Gabriel asintió. Cogió el teléfono y llamó a Uzi Navot en Zurich.
33
Klaus Halder llamó discretamente a la puerta del despacho. Una voz al otro lado lo invitó a entrar. Abrió la puerta y vio al anciano sentado en la penumbra, la mirada fija en la pantalla del televisor: un mitin de Metzler celebrado durante la tarde en Graz, la multitud enfervorizada, una entrevista sobre la composición del futuro gabinete de Metzler. El viejo apagó el televisor y volvió sus ojos azules hacia el guardaespaldas. Halder le señaló el teléfono. Parpadeaba una luz verde.
– ¿Quién es?
– Herr Becker, que lo llama desde Zurich.
El viejo atendió la llamada.
– Buenas noches, Konrad.
– Buenas noches, Herr Vogel. Lamento molestarlo a estas horas, pero me temo que no podía esperar.
– ¿Hay algún problema?
– Oh, no, todo lo contrario. A la vista de las últimas noticias que llegan desde Viena sobre las elecciones, he decidido acelerar mis preparativos y proceder como si la victoria de Peter Metzler ya estuviera confirmada.

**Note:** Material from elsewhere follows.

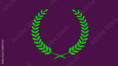 Obraz premium Green wreath icon on pink dark background, Amazing wheat logoicon
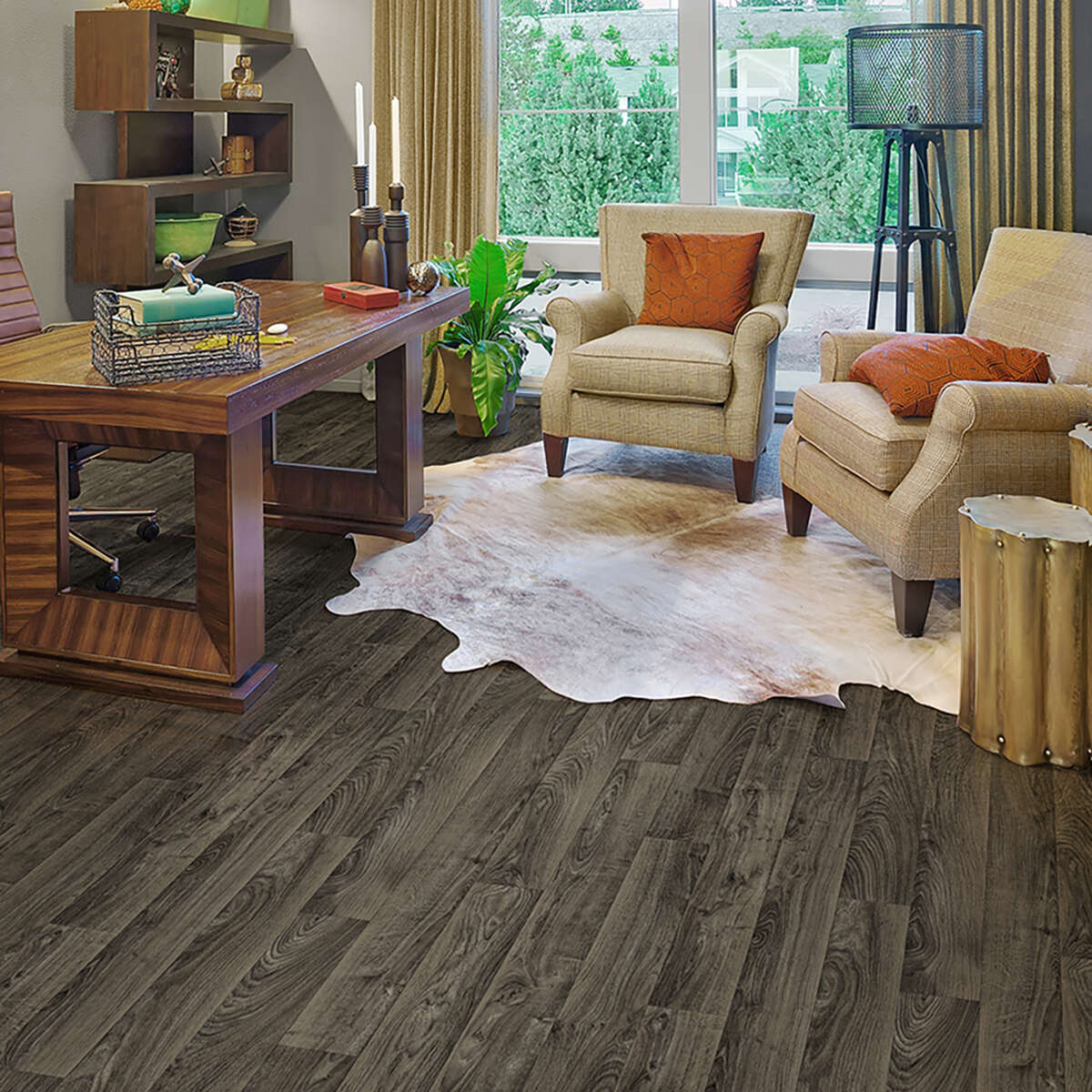 Durable sheet vinyl from Congoleum’s ArmorCore Pro UR line, featuring the Wood Ridge design in Rainy Evening. A low-gloss urethane wear layer with Stain Defense System delivers resilient, easy-care performance with the look of gray wood planks.

– Un proceder muy sabio, Konrad.
– Estaba seguro de que estaría de acuerdo. Tengo varios documentos que requieren su firma. Me pareció que lo mejor para todos sería empezar el proceso cuanto antes.
– ¿Qué clase de documentos?
– Mi abogado se lo explicará mucho mejor que yo. Si a usted le parece bien, iré a verlo a Viena. Será cuestión de unos minutos.
– ¿Qué tal el viernes?
– El viernes me parece perfecto, siempre que sea a última hora de la tarde. Tengo un compromiso por la mañana que me es imposible cambiar.
– ¿Digamos a las cuatro?
– Me iría mejor a las cinco, Herr Vogel.
– De acuerdo. El viernes a las cinco.
– Nos veremos entonces.
– ¿Konrad?
– ¿Sí, Herr Vogel?
– Ese abogado… dígame su nombre, por favor.
– Oskar Lange, Herr Vogel. Es un hombre muy capaz. Ha trabajado conmigo en numerosas ocasiones.
– Supongo que es una persona que comprende el significado de la palabra «discreción».
– Es lo que se dice una tumba. Está usted en muy buenas manos.
– Adiós, Konrad.
El viejo colgó el teléfono y miró a Halder.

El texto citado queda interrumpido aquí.